“Así ha dicho Jehová: El pueblo que escapó de la espada halló gracia en el desierto, cuando Israel iba en busca de reposo. Jehová se manifestó a mí hace ya mucho tiempo, diciendo: Con amor eterno te he amado; por tanto, te prolongué mi misericordia” (Jer. 31:2, 3).

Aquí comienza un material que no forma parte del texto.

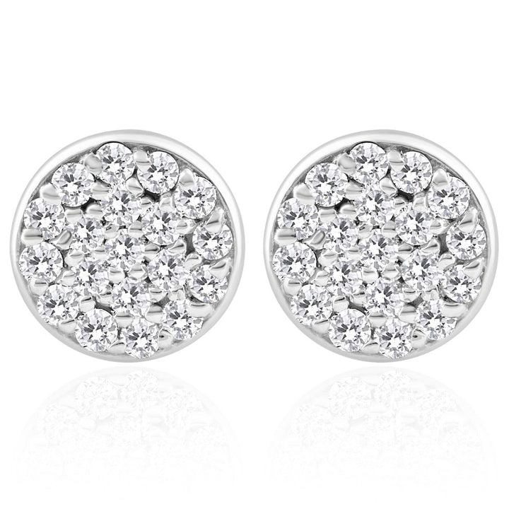 These 3/8 Ct EX3 Lab Grown Diamond Pave Stud Earrings by Pompeii3 are a dazzling pair of women's earrings featuring 38 round brilliant-cut genuine EX3 lab-grown diamonds. Set in high-polished 14k white gold, these pave set diamonds sparkle with every movement. The earrings are secured with 14k white gold push backs, ensuring a comfortable and secure fit. Measuring approximately 1/3 inch in diameter, these studs are perfect for adding a touch of elegance and sophistication to any outfit.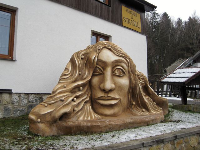 Hned na kraji vesničky ukryté ve strži pod rozlehlým vrchem vítá před penzionem všechny příchozí krásná a tajemná Olšiakova Josefína, dva metry vysoká, do vlasů zahalená.
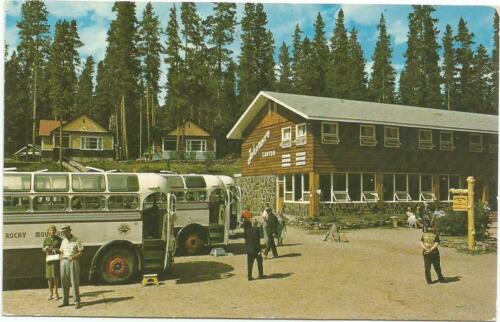GRAY LINE ROCKY MOUNTAIN TOUR BUSES AT JOHNSTON''S CANYON BANFF CANADA POSTCARD

Alguien estará preguntando qué hace este resumen al final del libro de Jeremías. El capítulo anterior termina con las palabras: “Hasta aquí son las palabras de Jeremías” (Jer. 51:64). Lo que sigue es el trabajo de un editor. Cubre el periodo desde el comenzó del reinado de Sedequías hasta las tres deportaciones de los judíos y luego se traslada hasta Babilonia y relata que el nuevo emperador de este imperio sacó al rey Joaquín, el penúltimo rey de Judá, de la cárcel donde había pasado 37 años y le dio un lugar de honor en su mesa hasta que murió.
Lo de las tres deportaciones es interesante: En el año 605 Daniel y un grupo selecto son deportados a Babilonia. En el año 597 el rey Joaquín, los hombres más hábiles y los tesoros del templo son deportados. En el año 582/1 se realizó la tercera deportación. Ya vemos que eran espaciadas. Se estima que fueron deportados 3.023 hombres adultos, o en total unas 18.000 personas.
¿Qué pasó a los judíos en Babilonia? Los libros de Ezequiel, Daniel y Ester lo relaten. Básicamente hicieron lo que Jeremías les mandó: “Edificad casas, plantad huertos, casaos, y engendrad hijos, y procurad la paz de la ciudad a la cual os hice transportar y rogad por ella a Jehová; porque en su paz tendréis vosotros paz” (Jer. 29:5-7). Esto hicieron y prosperaron. Para muchos, Babilonia llegó a ser su patria, pero otros todavía tuvieron el corazón en Israel, y eran ellos, o sus hijos, los que volvieron para reconstruir Jerusalén 70 años más tarde, unos 42.370 en total. “Toda la congregación , unida como un solo hombre, era de cuarenta y dos mil trescientos setenta, sin contar sus siervos, y siervas, los cuales eran siete mil trescientos treinta y siete; y tenían doscientos cantores y cantoras” (Esdras 2:64, 65). Estos números no son cifras aburridas; ¡son el milagro de la conservación de Dios!, hombres y mujeres valientes que dejaron todo cuanto tenían para volver a una tierra que nunca habían conocido, pues la mayoría nació en Babilonia, pero tal era su fe en Dios y su amor por Él, que abandonaron el único hogar que habían conocido para buscar a otro, una patria mejor, como hizo Abraham, y todo creyente desde entonces que peregrina hasta la Ciudad cuya Arquitecto y Constructor es Dios, una Patria eterna.
La historia de estos peregrinos y sus emocionantes logros la tenemos en los libros de Esdras y Nehemías. Con ellos, incluyendo a sus contemporáneos Hageo, Zacarías y Malaquías, termina el Antiguo Testamento. Sus descendentes eran los judíos que vivían en Israel cuando nació el Señor Jesús.
Este es el proyecto de Dios, el de edificar una nación santa, aunque tenga que pasar por una deportación para conseguirlo. Dios no acabó con Israel cuando la ciudad de Jerusalén fue arrasada, sino que la purificó en las llamas, y la restauró después del cautiverio. Envió al Mesías y añadió a los gentiles regenerados a este pueblo y lo seguirá santificando hasta que su Rey vuelva en gloria para reinar sobre el Trono de David, tal como profetizó Jeremías (Jer. 23:5, 6).